За спиной Рейнера зазвонил телефон, и он снял трубку.
– У нас были с ним две обстоятельные встречи, и, должен сказать, он мне понравился, – откровенно признался Макферсон и внезапно улыбнулся. – Ни за что не угадаешь, о чем он попросил в первую очередь!
Гримальди искоса посмотрел на него.
– Сдаюсь. Рассказывай.
За спиной Макферсона Рейнер шепотом разговаривал по телефону, поглядывая на Гримальди.
– Он попросил, чтобы ему показали его полковничий мундир, – с торжеством объявил Макферсон и добавил, искусно копируя сильный акцент русского: – Если вы сделать меня полковник, я хочу увидеть моя форма. После этого он снова заговорил нормально:
– Пришлось сгонять Кольера в Рамштейн, на нашу авиабазу, чтобы привезти оттуда полковничью форму. Надо было видеть, как наш русский вертелся перед зеркалом, примеряя на себя мундир. Он выглядел самым счастливым человеком на земле.
Когда Макферсон спросил русского, как он собирается передавать добытую информацию, то был очень удивлен, услышав ответ.
– Он спросил о тебе, – сообщил Макферсон. – Говорит, что вы встречались с ним в Берлине после войны. По его словам, он давно знает, что ты служишь в разведке, и хочет работать именно с тобой. Его фамилия Калинин.
Гримальди, потрясенный, уставился на начальника.
– Черт меня возьми! – пробормотал он. – Олег Калинин, черт меня возьми совсем... – Нахмурившись, он подозрительно оглядел Макферсона с ног до головы.
– Надеюсь, вы не вздумали меня разыграть? Макферсон покачал головой.
– Все равно я не могу в это поверить, – упрямо тряхнул головой Гримальди, а память уже уносила его в черные развалины послевоенного Берлина. – Он сделал это, – прошептал он, удивленно покачивая головой. – Он сделал это, и ему удалось выжить!

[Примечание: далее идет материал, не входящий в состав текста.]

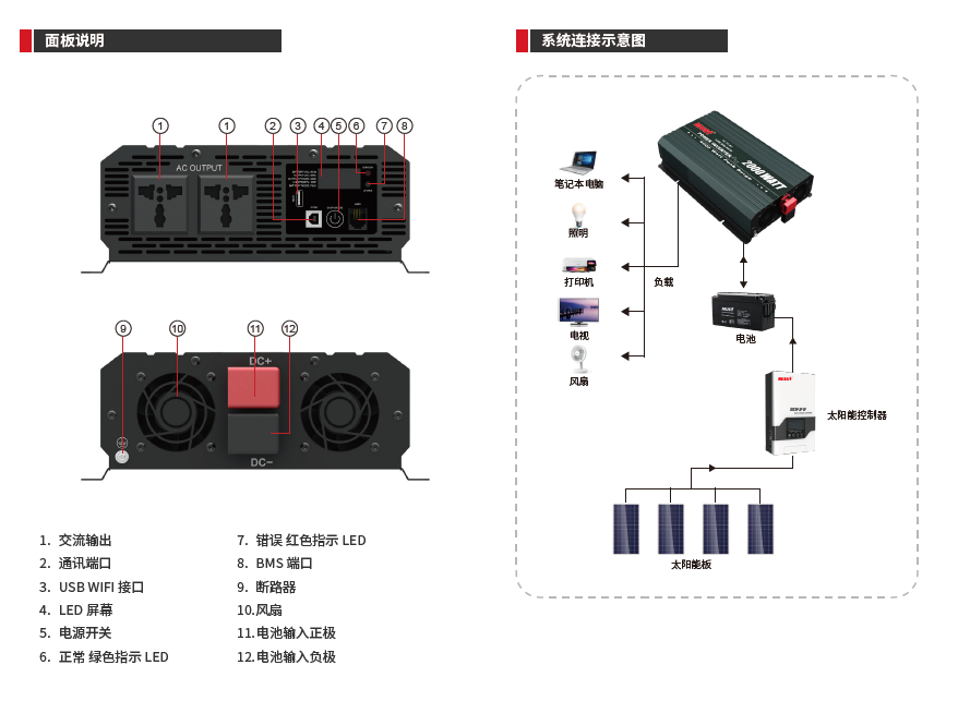 - 具有多模式設置功能,可通過 LCD 屏選擇設置光伏、市電、電池的優先等級

Углубившись в воспоминания, он не сразу понял, что Макферсон обращается к нему.
– Что мне хочется узнать, – говорил тот, – так это почему после стольких лет он спрашивает именно о тебе.
– Мы вместе проводили несколько операций, – осторожно сказал Гримальди. – Разыскивали нацистских преступников.
Лицо Калинина всплыло из глубин памяти таким, каким он впервые увидел его тем вечером, в помещении берлинской комендатуры. Это было как раз накануне Нюрнбергского процесса, когда русские и американцы на короткое время объединили свои усилия в охоте за нацистскими преступниками. Многие из тех, кого они разыскивали, заранее подготовили фальшивые документы и легли на дно. Одни скрывались в горных деревушках и лесных чащобах, другие растворились в безликих толпах голодных солдат вермахта, которые бродили по развалинам великого рейха, разыскивая и не находя свои разрушенные дома и семьи. Именно в этот момент Гримальди получил приказ явиться в русскую комендатуру Берлина для встречи с капитаном Калининым.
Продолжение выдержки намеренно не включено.